The impact of different acrylamide based polymer chemistries is evaluated through viscosity measurement over a wide range of salinities and hardness. A parameter called R+, corresponding to the molar ratio of divalent cations divided by the total mole number of cations in the brine is introduced. Salt tolerance and hardness tolerance of polymers in solutions are evaluated for brine considering either constant Total Dissolved Salt (TDS) with different R+ either the impact of different total salinities for constant R+. This parameter is as well considered to compare shear stability of the different polymers. At least, the impact of the type of divalent cations on viscosity is reported.

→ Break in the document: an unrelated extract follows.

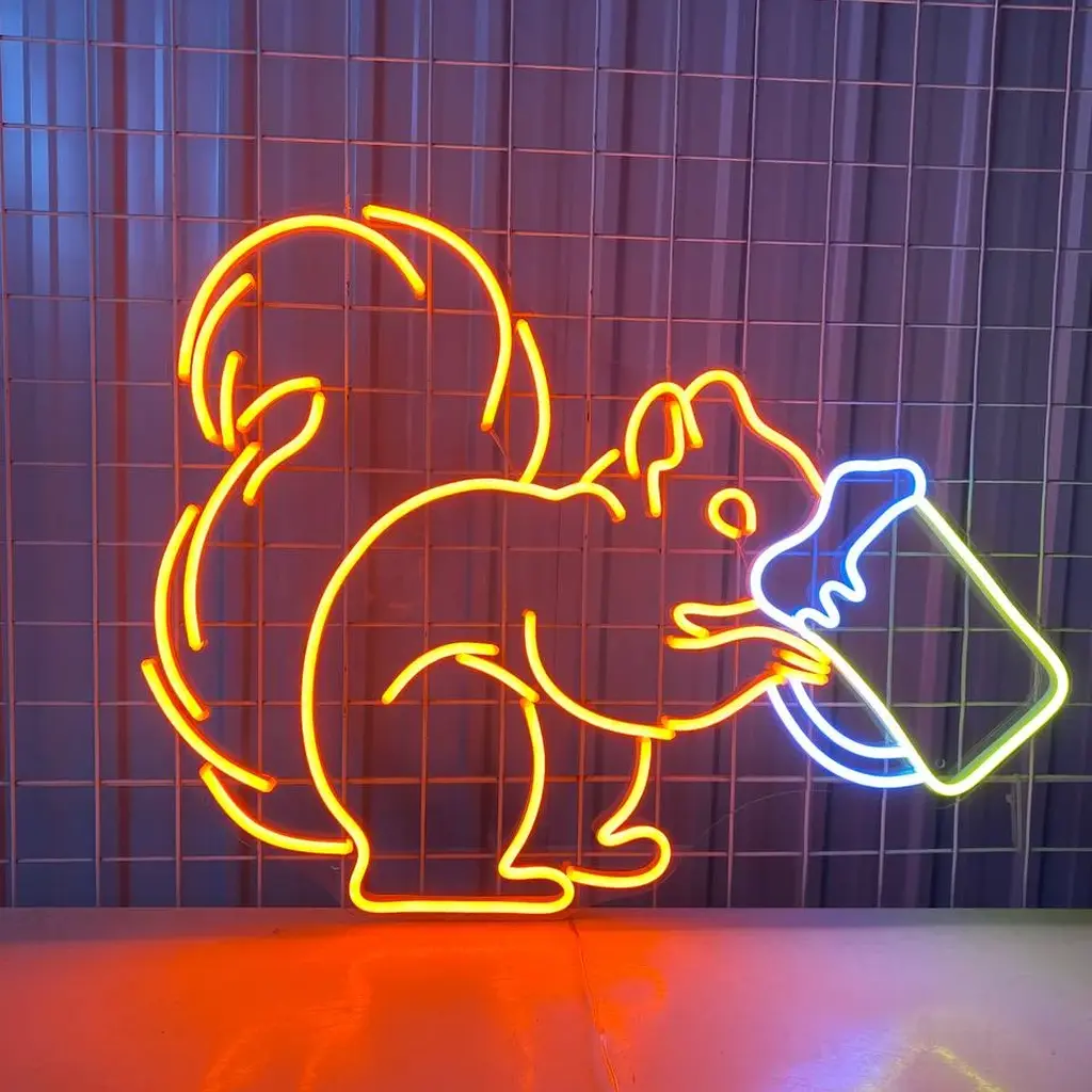 Animals & Pets Neon Sign – Squirrel Drinking Beer
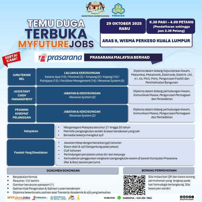 Iklan Jawatan Prasarana Malaysia Berhad

Polymers from the study are all anionic and acrylamide based. The introduction of different amounts of sulfonated monomer (ATBS) was performed and its impact on hardness and shear tolerance was assessed. For all the polymers, a threshold beyond which viscosity remains constant is reached for R+> 0,5. Interestingly, this threshold is obtained for lower value of R+ for polymers containing ATBS since they provide better calcium tolerance. Calcium provides a higher impact on viscosity compared to magnesium for all the polymers studied. Increasing the amount of ATBS leads to higher tolerance to divalent cations. It also provides better stability to shear degradation. A minimum amount of sulfonated monomer is required to improve stability.
The objective of this paper is to complete guidelines in the selection of industrial polymers considering a wide range of salinities and hardness. The screening of brine and polymers selected for this study is wide enough to represent worldwide injection brine conditions and helps selecting the most appropriate chemistry for each reservoir condition.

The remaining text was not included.